The seed for my religious life was planted around the age of twelve when a nun came to our Barrio (a Filipino word for a village or district) to conduct catechism classes. I recall covering my head with a towel and pretending it was a veil. Initially my interest appeared to be short lived. I followed through with plans to finish high school, go to college and become a nurse. I wanted to serve abroad.

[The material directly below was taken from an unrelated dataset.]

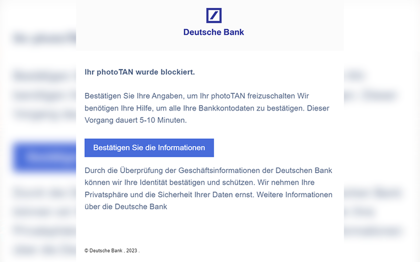 Deutschlands Banken sind weiterhin Ziel von Betrugsversuchen, und in dieser Woche wurden besonders häufig Phishing-Mails an Kunden der Deutschen Bank versandt. Diese betrügerischen E-Mails tragen den Betreff "Ihr photoTAN wurde blockiert" und behaupten, dass die photoTAN deaktiviert wurde. Die E-Mails geben vor, den Kundenanweisungen zur erneuten Freischaltung dieses Dienstes zu folgen. Dabei wird aufgefordert, die Bankkontodaten zu bestätigen. Die Verfasser der E-Mails betonen, dass dieser Vorgang nur 5-10 Minuten dauert.

Years later, I came to the United States with a group of nurses to work at a hospital south of Chicago. Like most foreign workers, I sent money home to support my family. Eventually my patents, and my nine siblings and their families also immigrated to America. When my parents died, I realised that no one in the family assumed the role of actively praying for all of us. While I’d like to say that it was my concern for the spiritual well-being of my family that prompted me to join religious life, I think mostly it was the growing restlessness in my heart. I felt something was missing. Frequent visits to the Blessed Sacrament and regular Mass attendance didn’t fill the void. I didn’t follow a straight path to where I am today, but I realise how different my life might be if my parents and I hadn’t believed in the power of prayer.
I did not feel the call to be an apostle on the front lines. I believe this hidden life of prayer can be just as active; Scriptures and history speak to the power of prayer. I am honoured to have the opportunity to answer the call and take this gift of hope to serve God in his Church and the world.